3.1. Produk Olahan dari Ubijalar Segar
3.1.1. Ubi Kukus/Goreng
Ubi rebus/kukus dan goreng merupakan produk olahan ubijalar yang paling umum dikenal masyarakat. Ubijalar putih, kuning, dan ungu
memiliki kadar air relatif lebih rendah (keset) dan
tekstur lebih mempur dibandingkan ubijalar jingga
yang cenderung lembek dan berair (Ginting,
dkk., 2008), sehingga sesuai untuk produk yang
dikukus maupun digoreng. Namun untuk ubijalar ungu, ubi kukus lebih baik daripada ubi rebus karena sebagian antosianin akan hilang/larut di dalam air rebusan.
3.1.2. Keripik
Ubijalar dengan warna umbi menarik, tekstur keset dan mempur serta tidak berserat, sesuai untuk bahan baku keripik, seperti
varietas Antin 1 (putih keunguan/putih sembur
ungu). Irisan umbi direndam sekitar 10 menit
dalam larutan soda kue untuk meningkatkan kerenyahannya. Penggorengan dengan vacuum
frying pada suhu 135oC selama 10 menit dapat
menghasilkan warna keripik yang lebih cerah dibandingkan dengan penggorengan biasa.
3.1.3. Stik Ubijalar
Stik ubijalar yang produknya mirip dengan
stik kentang (French fries) menghendaki
produk yang renyah bila digoreng, tidak mudah melempem dan rasanya gurih. Ubijalar putih, kuning, maupun ungu dapat diolah menjadi stik. Proses pembuatannya, meliputi pencucian umbi, pengupasan, perendaman dalam air, perajangan membentuk stik, blanching (perebusan 7,5 - 10
menit), penirisan, perendaman dalam air yang diberi bumbu (garam dan bawang putih) dan soda kue (10 - 15 menit), penggorengan, dan penirisan minyak (Suprapto, 2004).
3.1.4. Pasta Ubijalar
Pasta ubijalar adalah umbi kukus yang dihaluskan/digiling dan selanjutnya dapat diolah menjadi beragam produk makanan, diantaranya:
Pertama, Jus Ubijalar, jus ubijalar belum dikembangkan di Indonesia, tetapi cukup dikenal
di Filipina, Thailand (Ginting, dkk., 2006) dan Jepang (Suda, dkk., 2003). Jus dibuat dengan
cara mencampur pasta ubijalar yang berwarna ungu kemerahan atau jingga dengan air es, gula, dan asam sitrat. Untuk mendapatkan aroma buah-buahan, pasta dapat dicampur dengan
buah yang berwarna ungu (anggur) atau kuning (jeruk dan nanas).
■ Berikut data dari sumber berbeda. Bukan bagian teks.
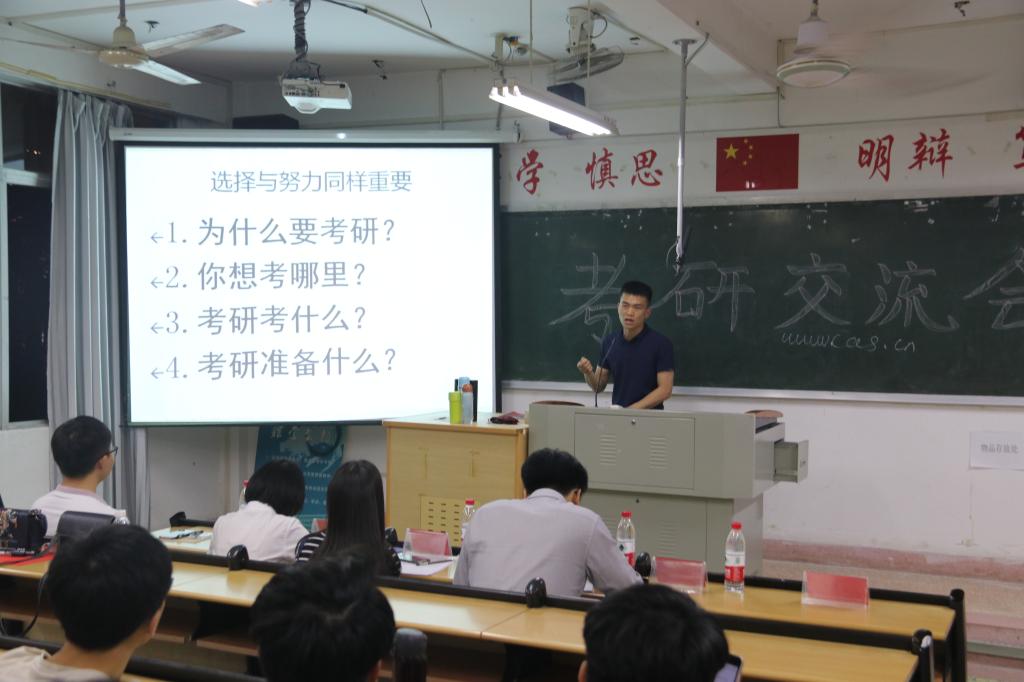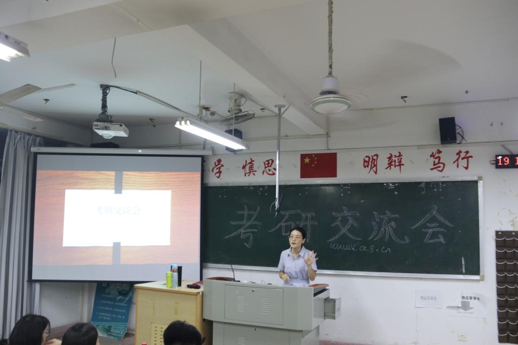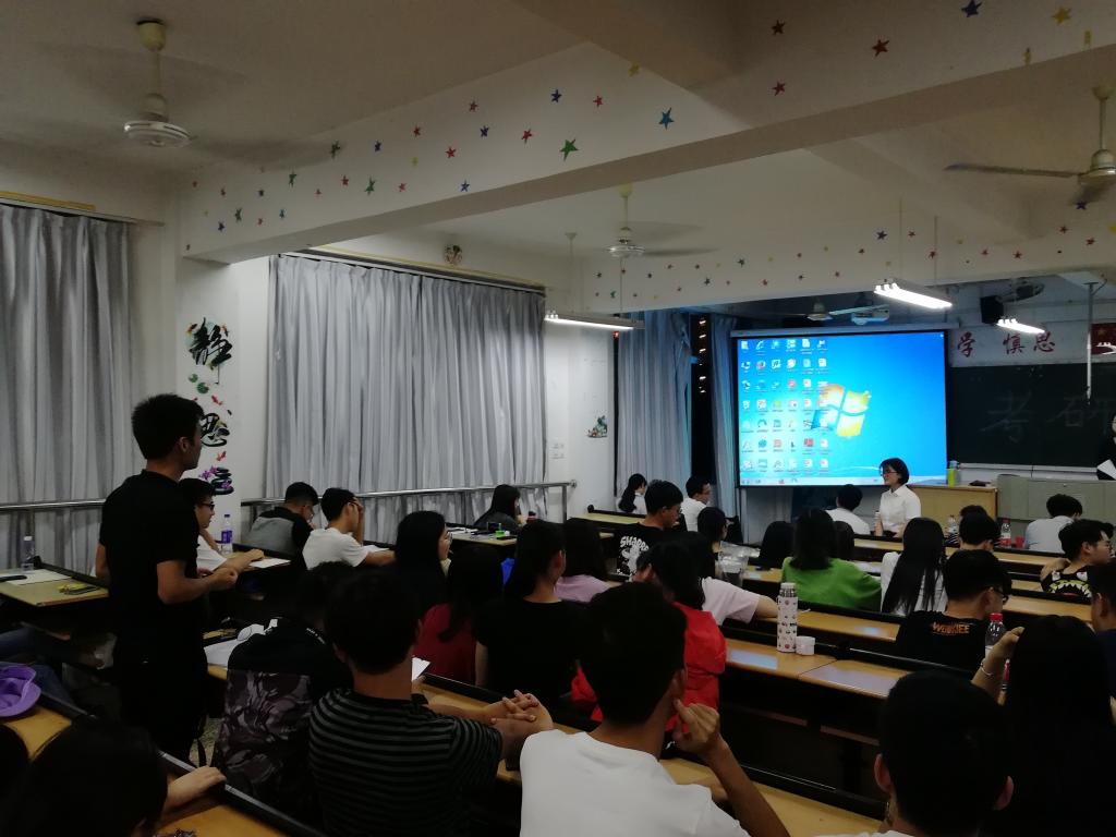 2019年的就业、考研情况做了简要介绍,她提醒同学们应该根据自身的特点,正确对待考研和就业,并对考研志愿报考情况进行了指导。考研成功的学长学姐们更是结合自身的亲身经历,分别从找准自我定位,院校选择,考研准备时间,专业课复习技巧等方面进行了介绍,并向大家推荐了一些考研资料,希望同学们少走些弯路,找到适合自己的复习方法。最后,陈颖频老师向大家介绍了他独特的“独孤九剑式”考研宝典,勉励同学们正确对待考研和就业,及早规划、刻苦练功、追求卓越、笑傲江湖!

Kedua, Saos dan Selai Ubijalar, proporsi pasta ubijalar dalam pembuatan saos 60 - 100 persen dengan penambahan asam cuka dan pewarna makanan. Saos dari ubijalar berukuran
kecil (tidak memiliki nilai jual), ternyata sama
kualitasnya dengan yang berasal dari ubijalar
berukuran besar (Ginting, dkk., 2007). Selain
ubijalar putih dan kuning muda/krem, ubijalar ungu juga dapat digunakan untuk saos karena antosianin akan berubah warna menjadi merah
Selai ubijalar diolah dari campuran 50 persen pasta ubijalar dengan 50 persen bubur
buah-buahan (Ginting, dkk., 2012a). Ubijalar
ungu dapat dicampur dengan anggur atau buah naga merah, sementara yang dagingnya kuning dicampur dengan nanas dan yang berwarna jingga dengan mangga. Pektin komersial perlu ditambahkan agar tektur selai kokoh dan pH selai sebaiknya 3 - 3,5 agar terbentuk gel yang
baik dan selai lebih awet disimpan (Ginting, dkk.,
2007).
Ketiga, Mie Ubijalar, mie dari pasta ubijalar
dapat mensubstitusi 40 persen terigu (Utomo dan Yulifianti, 2012), lebih tinggi daripada tepung ubijalar (20 persen) (Ginting, dkk., 2006). Proses
pengolahan mie, meliputi pencampuran pasta dengan telur, garam dan bumbu, dibuat adonan kemudian dicetak menggunakan gilingan mie. Selanjutnya direbus/dikukus sebentar untuk mendapatkan mie basah dan dikeringkan dengan oven untuk mendapatkan mie kering. Warna mie ubijalar cukup menarik, terutama yang berasal dari ubijalar jingga dan ungu.
Keempat, Es Krim Ubijalar, pada
pembuatan es krim, pasta ubijalar ungu (50 persen) dicampur dengan bahan pembuat es
krim komersial, susu dan air sehingga terbentuk warna ungu alami. Selanjutnya dimasukkan ke dalam kemasan dan disimpan dalam freezer
minimal 24 jam. Es krim ubijalar ungu ini sangat diminati, terutama oleh anak-anak, sehingga
merupakan sarana yang baik untuk konsumsi ubijalar pada golongan usia tersebut.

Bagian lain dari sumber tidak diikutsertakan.